* **EXERCISE OBJECTIVE**:
Span requested from the data below: the line with "Figure 1. Carte" through the line with "よさこいダンサーと記念撮影 With Yosakoi dancers", both included. Give only these lines again, exactly, and leave every picture out.

* **DATA EXTRACTS**:
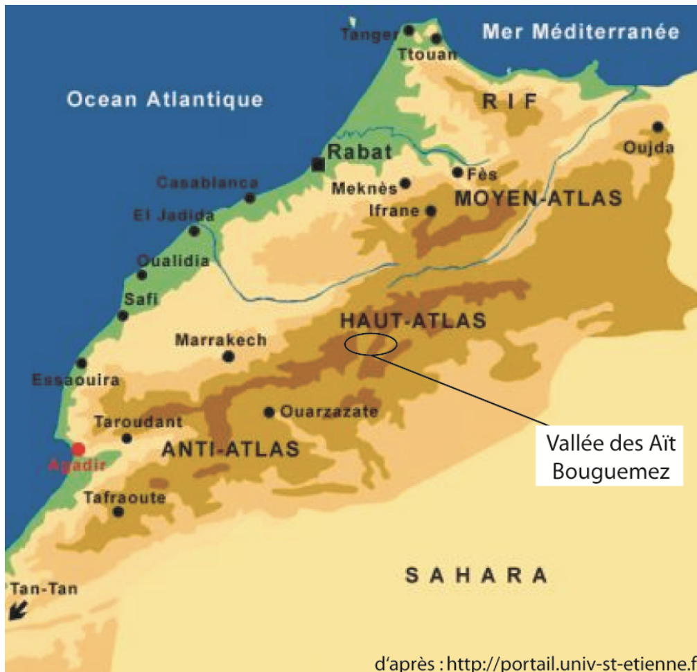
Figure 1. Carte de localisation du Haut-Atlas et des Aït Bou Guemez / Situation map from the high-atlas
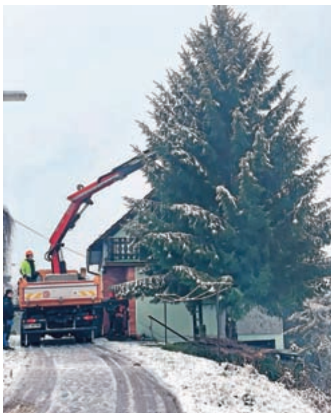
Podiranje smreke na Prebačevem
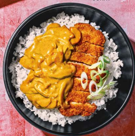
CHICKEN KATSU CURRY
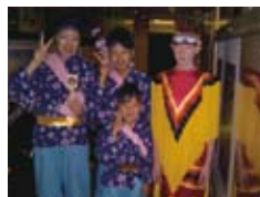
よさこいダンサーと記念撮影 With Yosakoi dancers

==

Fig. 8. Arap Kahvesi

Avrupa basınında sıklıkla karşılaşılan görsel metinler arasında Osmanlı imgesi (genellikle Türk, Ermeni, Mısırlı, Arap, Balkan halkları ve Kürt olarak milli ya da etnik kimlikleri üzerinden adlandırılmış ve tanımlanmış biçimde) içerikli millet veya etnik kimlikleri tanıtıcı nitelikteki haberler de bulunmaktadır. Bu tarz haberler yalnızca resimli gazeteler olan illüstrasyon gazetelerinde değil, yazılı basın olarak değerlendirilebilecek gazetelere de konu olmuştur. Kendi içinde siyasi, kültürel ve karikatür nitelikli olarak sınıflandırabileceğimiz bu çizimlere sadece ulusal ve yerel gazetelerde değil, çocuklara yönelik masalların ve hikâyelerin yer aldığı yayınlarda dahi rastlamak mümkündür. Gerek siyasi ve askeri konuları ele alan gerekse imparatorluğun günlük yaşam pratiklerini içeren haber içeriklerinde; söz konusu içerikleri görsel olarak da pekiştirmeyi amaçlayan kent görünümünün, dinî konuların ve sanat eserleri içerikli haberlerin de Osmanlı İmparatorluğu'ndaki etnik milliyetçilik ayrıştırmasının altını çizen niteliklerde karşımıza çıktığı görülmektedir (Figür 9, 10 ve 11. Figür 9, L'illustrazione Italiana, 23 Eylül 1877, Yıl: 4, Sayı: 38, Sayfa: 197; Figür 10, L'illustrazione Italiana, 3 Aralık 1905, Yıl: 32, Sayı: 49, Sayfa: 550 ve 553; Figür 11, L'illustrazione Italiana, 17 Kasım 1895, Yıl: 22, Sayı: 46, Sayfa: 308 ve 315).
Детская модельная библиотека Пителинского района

* **REPLY TO THE EXERCISE**:
Figure 1. Carte de localisation du Haut-Atlas et des Aït Bou Guemez / Situation map from the high-atlas
Podiranje smreke na Prebačevem
CHICKEN KATSU CURRY
よさこいダンサーと記念撮影 With Yosakoi dancers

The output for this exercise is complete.